Dataset excerpts below:

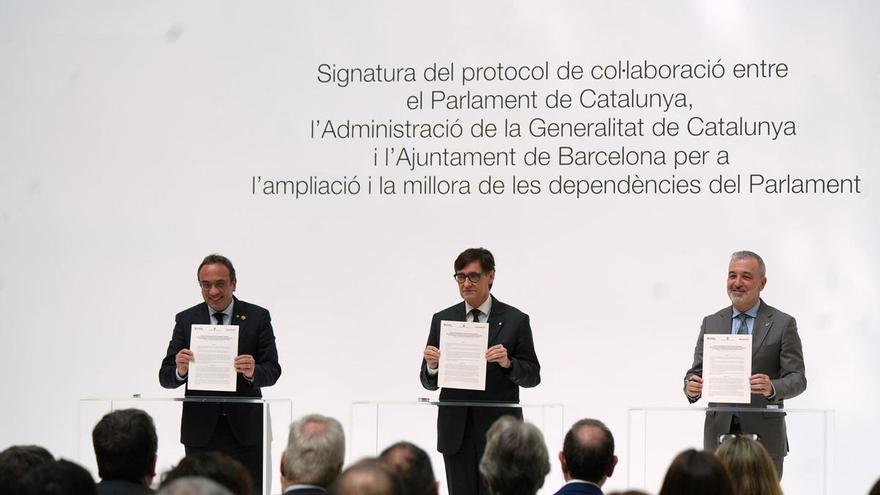 Els dos edificis –l’actual i el nou annex– estaran connectats directament, tal com ha explicat el president del Parlament, Josep Rull, durant l’acte de presentació oficial del protocol. L’esdeveniment s’ha celebrat a l’Auditori Lluís Companys de la Cambra catalana i ha comptat amb la presència del president de la Generalitat, Salvador Illa, i de l’alcalde de Barcelona, Jaume Collboni, que, al costat de Rull, han subscrit aquest marc de col·laboració perquè el Parlament guanyi capacitat amb una previsió de sis a vuit anys vista, segons fonts coneixedores, tot i que sense un calendari definit.
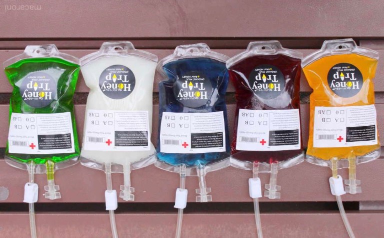 風気味患者の一部は写真のような点滴を逆さまにして、そこに自分の風を移すことによって、世の中に還元している人もいる。(写真はイメージ)
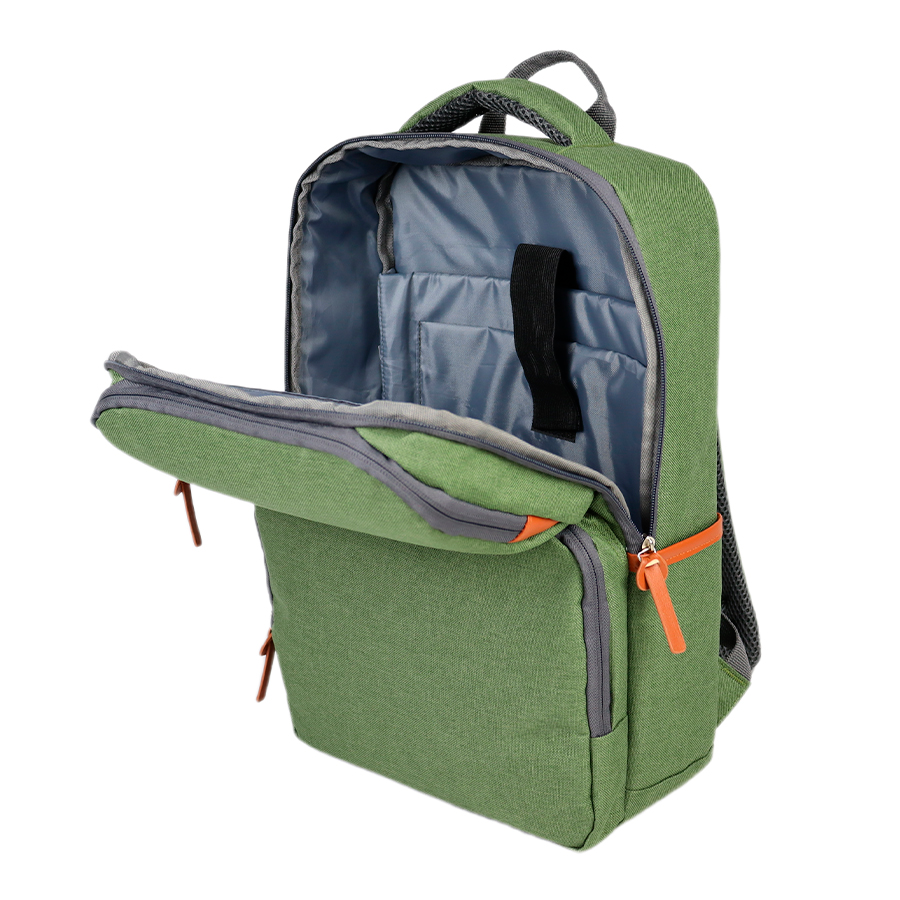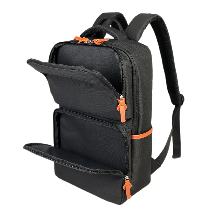 Mochila Porta-Notebook modelo «JAZZ». En tela poliéster 600D/PVC con detalles y tiradores de cierre en 210D/PU color marrón. Capacidad 11 litros, tamaño 27.5 x 41 x 9.5 cm. Incluye múltiples compartimentos interiores reforzados y acolchados para Laptop + 2 bolsillos delanteros + 2 bolsillos laterales.
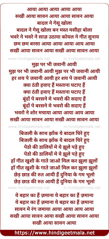 Lyrics of Sakhi Aaya Sawan Aaya - आया आया आया आया आया
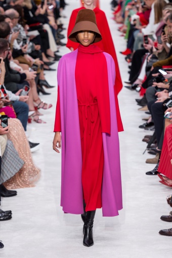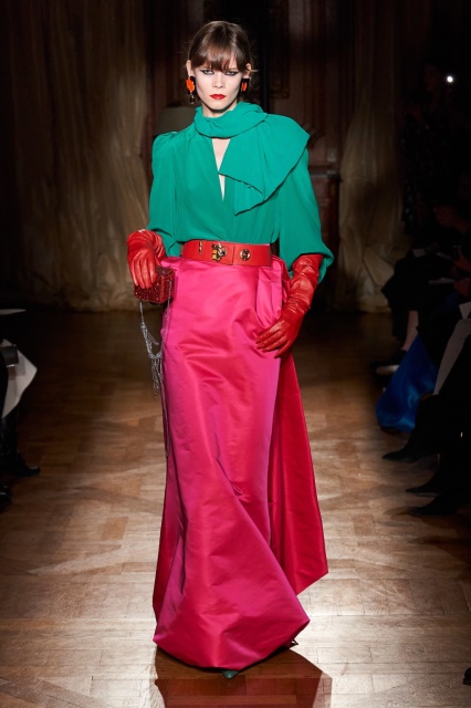 增加或者降低一种颜色的明度或者纯度,或者同时改变两个颜色的明度或者纯度,达到和谐统一的视觉效果。如图8-21所示,深红色大衣与墨绿袜子搭配,同时降低了红色和绿色的纯度,达到和谐统一的视觉效果。
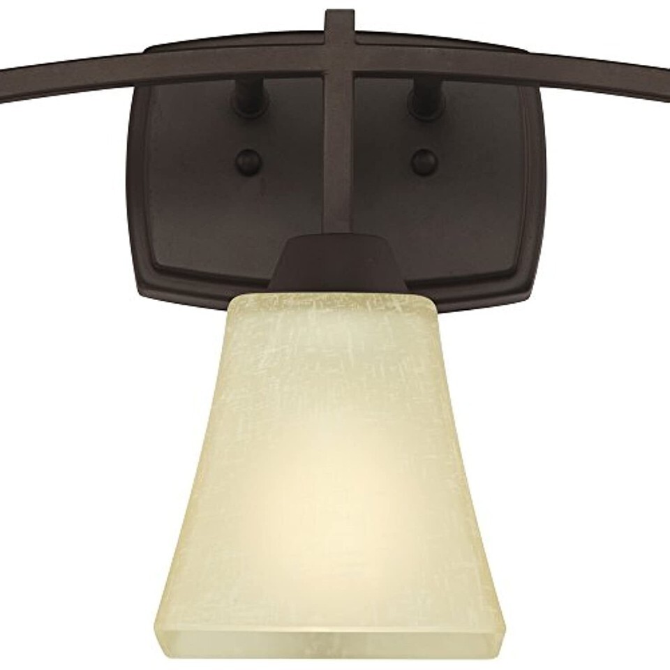 The clean lines of the Westinghouse midori three-light wall fixture are simple yet stunning. The amber linen glass shades suspend from the deep oil rubbed bronze arms, combining texture and a warm glow. Position the fixture up or down over a vanity in a bathroom for a luxurious touch. The fixture measures 10-1/8 inches high by 20-7/8 inches wide and extends 7-1/16 inches from the wall. It uses three medium-base light bulbs, 60-watt maximum (not included). this indoor fixture is both etc and cetl listed for safety and backed by a five-year manufacturer's warranty against defects in materials and workmanship. Westinghouse is a trusted, global brand. Westinghouse knows lighting and offers products with exceptional quality, reliability and functionality.
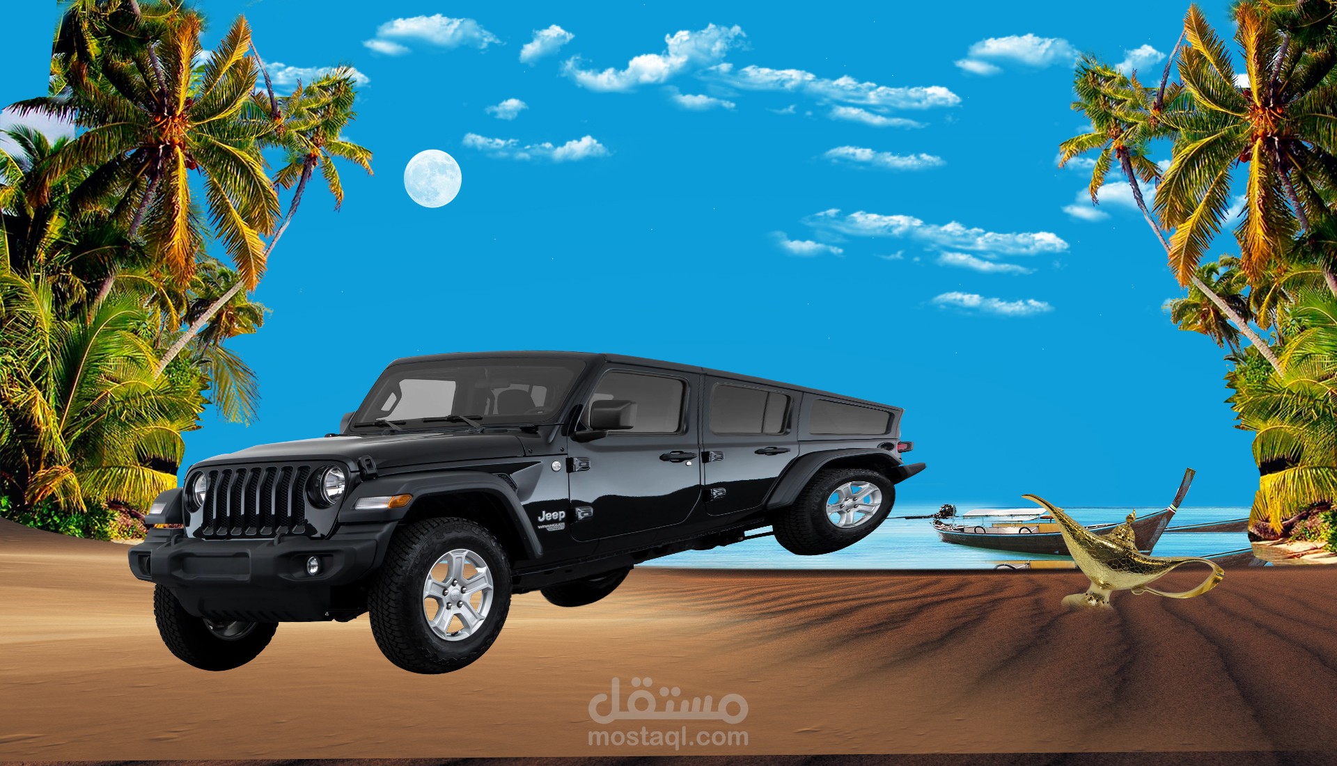 يتحدث العمل عن اعلان غير رسمي لشركة سيارات تدعى Jeep وجعلت السيارة تخرج من مصباح علاء الدين وكأنها تحقق كل مشاويرك كما يفعل علاء الدين من تحقيق أمنياتك
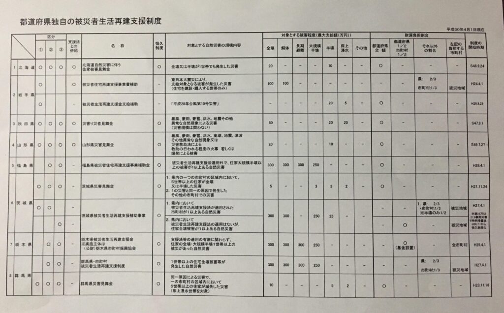 都道府県独自の被災者生活再建支援制度 (平成30年 4月 1日 現在)
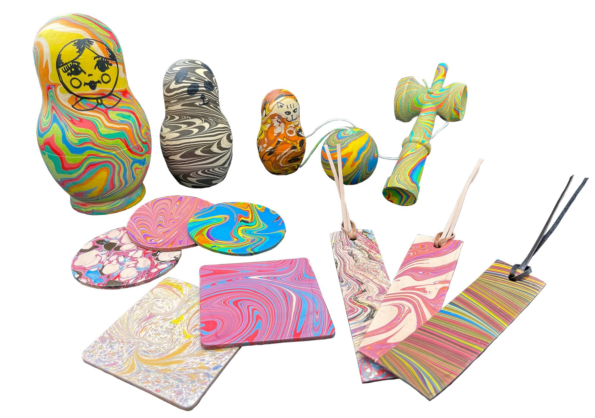 道具選びから扱いまで、高い技術を要求されるマーブリング。そんなマーブリングを、誰でも驚くほど簡単に楽しめるようにした、画期的なセットが「マーブリング・デコ」シリーズです。素材も選ばず色々なものにマーブリングで出来るし、材料の全てが水性なので、後片付けも水と一緒に流すだけ。最初から最後まで本当に簡単に、本格的なアートを楽しめます。別売りのマーブリング・デコ水溶液と水を1:1で混ぜた水溶液の上に絵具を垂らします。色を重ねたら竹串で模様をつくり、お好みの素材(吸水するもの)を水面に当てるとマーブリングができます。容量:各10ml 色:そら(ライトブルー)・むらさき(パープル)・だいだい(オレンジ)・きみどり(イエローグリーン)・もも(ピンク)・ちゃ(ブラウン) 色ラベルシール入り
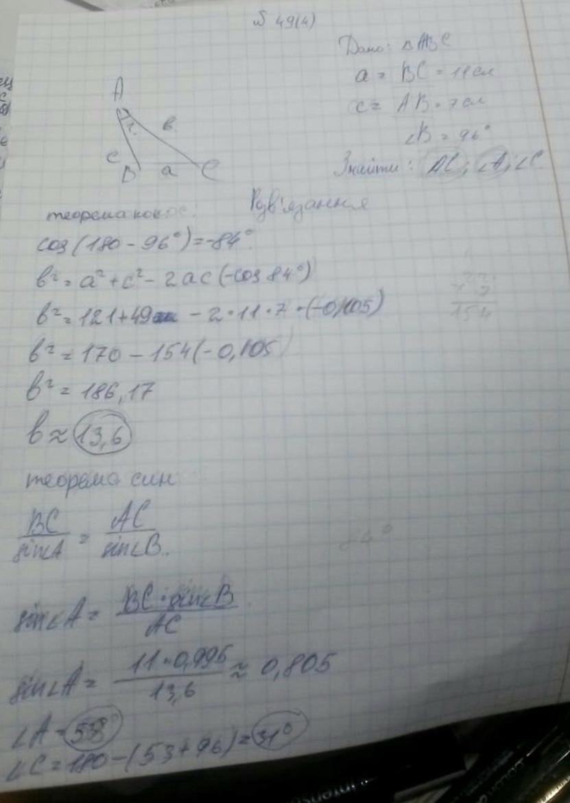 СРОЧНО Розв'яжіть трикутник ABC за двома сторонами та кутом між ними: AB = 7 см, CB= 11 см, <B=96 градусов
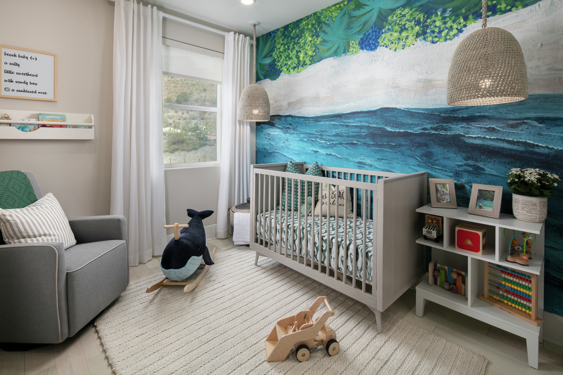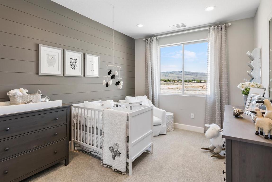 Brighten up a room with a stained shiplap accent wall. This material will add a softness to any space, including a nursery.
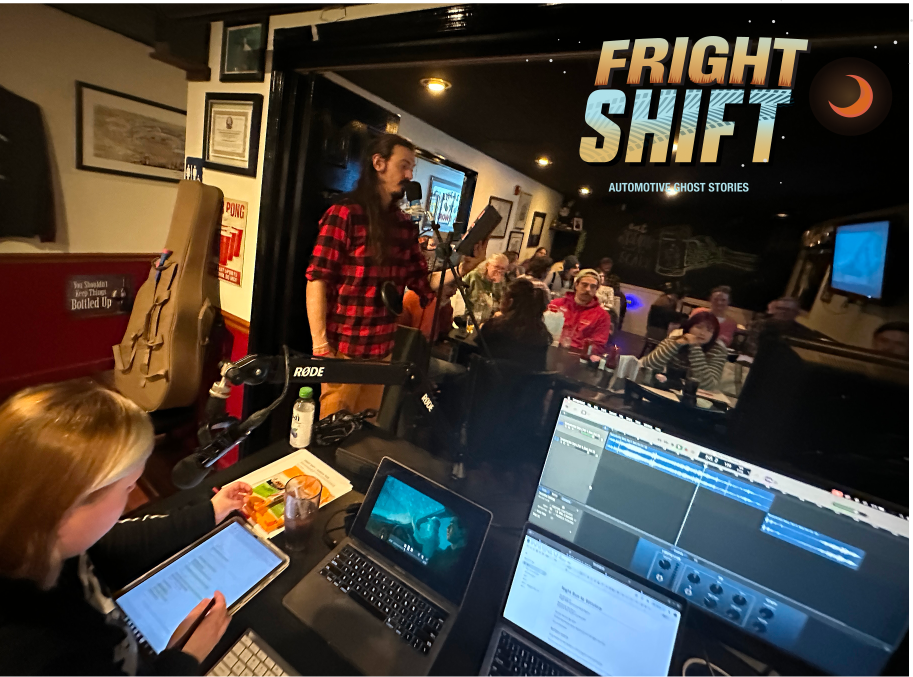 Fright Shift: Automotive Ghost Stories is a live audio-theatre experience where haunted highways collide with car culture. Three voice actors perform 4 original tales— each story includes custom sound effects and music score.
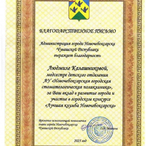 Среди сотрудников особенно выделились Галина Платонова, начальник административно-хозяйственного отдела, и Людмила Калашникова, медицинская сестра детской стоматологии. Они были награждены благодарственными письмами от администрации Новочебоксарска. Их внимательность к работе и трудолюбие помогли сделать клумбы учреждения самыми красивыми в городе.
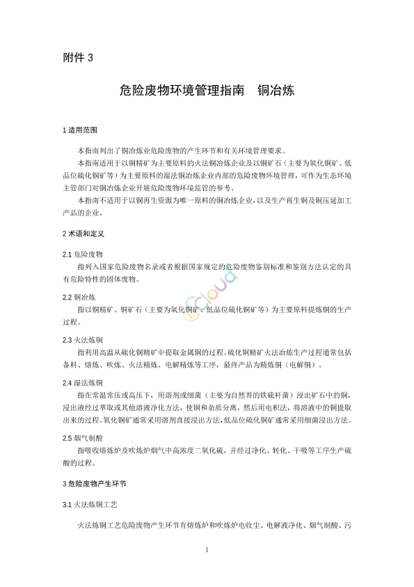 本指南列出了铜冶炼业危险废物的产生环节和有关环境管理要求。 本指南适用于以铜精矿为主要原料的火法铜冶炼企业及以铜矿石(主要为氧化铜矿、低品位硫化铜矿等)为主要原料的湿法铜冶炼企业内部的危险废物环境管理,可作为生态环境主管部门对铜冶炼企业开展危险废物环境监管的参考。 本指南不适用于以铜再生资源为唯一原料的铜冶炼企业,以及生产再生铜及铜压延加工产品的企业。

End of Dataset excerpts.

### What the task asks
Pictures do not belong in the copy; repeat the rest of the listing exactly.

### Answer box
 Els dos edificis –l’actual i el nou annex– estaran connectats directament, tal com ha explicat el president del Parlament, Josep Rull, durant l’acte de presentació oficial del protocol. L’esdeveniment s’ha celebrat a l’Auditori Lluís Companys de la Cambra catalana i ha comptat amb la presència del president de la Generalitat, Salvador Illa, i de l’alcalde de Barcelona, Jaume Collboni, que, al costat de Rull, han subscrit aquest marc de col·laboració perquè el Parlament guanyi capacitat amb una previsió de sis a vuit anys vista, segons fonts coneixedores, tot i que sense un calendari definit.
 風気味患者の一部は写真のような点滴を逆さまにして、そこに自分の風を移すことによって、世の中に還元している人もいる。(写真はイメージ)
 Mochila Porta-Notebook modelo «JAZZ». En tela poliéster 600D/PVC con detalles y tiradores de cierre en 210D/PU color marrón. Capacidad 11 litros, tamaño 27.5 x 41 x 9.5 cm. Incluye múltiples compartimentos interiores reforzados y acolchados para Laptop + 2 bolsillos delanteros + 2 bolsillos laterales.
 Lyrics of Sakhi Aaya Sawan Aaya - आया आया आया आया आया
 增加或者降低一种颜色的明度或者纯度,或者同时改变两个颜色的明度或者纯度,达到和谐统一的视觉效果。如图8-21所示,深红色大衣与墨绿袜子搭配,同时降低了红色和绿色的纯度,达到和谐统一的视觉效果。
 The clean lines of the Westinghouse midori three-light wall fixture are simple yet stunning. The amber linen glass shades suspend from the deep oil rubbed bronze arms, combining texture and a warm glow. Position the fixture up or down over a vanity in a bathroom for a luxurious touch. The fixture measures 10-1/8 inches high by 20-7/8 inches wide and extends 7-1/16 inches from the wall. It uses three medium-base light bulbs, 60-watt maximum (not included). this indoor fixture is both etc and cetl listed for safety and backed by a five-year manufacturer's warranty against defects in materials and workmanship. Westinghouse is a trusted, global brand. Westinghouse knows lighting and offers products with exceptional quality, reliability and functionality.
 يتحدث العمل عن اعلان غير رسمي لشركة سيارات تدعى Jeep وجعلت السيارة تخرج من مصباح علاء الدين وكأنها تحقق كل مشاويرك كما يفعل علاء الدين من تحقيق أمنياتك
 都道府県独自の被災者生活再建支援制度 (平成30年 4月 1日 現在)
 道具選びから扱いまで、高い技術を要求されるマーブリング。そんなマーブリングを、誰でも驚くほど簡単に楽しめるようにした、画期的なセットが「マーブリング・デコ」シリーズです。素材も選ばず色々なものにマーブリングで出来るし、材料の全てが水性なので、後片付けも水と一緒に流すだけ。最初から最後まで本当に簡単に、本格的なアートを楽しめます。別売りのマーブリング・デコ水溶液と水を1:1で混ぜた水溶液の上に絵具を垂らします。色を重ねたら竹串で模様をつくり、お好みの素材(吸水するもの)を水面に当てるとマーブリングができます。容量:各10ml 色:そら(ライトブルー)・むらさき(パープル)・だいだい(オレンジ)・きみどり(イエローグリーン)・もも(ピンク)・ちゃ(ブラウン) 色ラベルシール入り
 СРОЧНО Розв'яжіть трикутник ABC за двома сторонами та кутом між ними: AB = 7 см, CB= 11 см, <B=96 градусов
 Brighten up a room with a stained shiplap accent wall. This material will add a softness to any space, including a nursery.
 Fright Shift: Automotive Ghost Stories is a live audio-theatre experience where haunted highways collide with car culture. Three voice actors perform 4 original tales— each story includes custom sound effects and music score.
 Среди сотрудников особенно выделились Галина Платонова, начальник административно-хозяйственного отдела, и Людмила Калашникова, медицинская сестра детской стоматологии. Они были награждены благодарственными письмами от администрации Новочебоксарска. Их внимательность к работе и трудолюбие помогли сделать клумбы учреждения самыми красивыми в городе.
 本指南列出了铜冶炼业危险废物的产生环节和有关环境管理要求。 本指南适用于以铜精矿为主要原料的火法铜冶炼企业及以铜矿石(主要为氧化铜矿、低品位硫化铜矿等)为主要原料的湿法铜冶炼企业内部的危险废物环境管理,可作为生态环境主管部门对铜冶炼企业开展危险废物环境监管的参考。 本指南不适用于以铜再生资源为唯一原料的铜冶炼企业,以及生产再生铜及铜压延加工产品的企业。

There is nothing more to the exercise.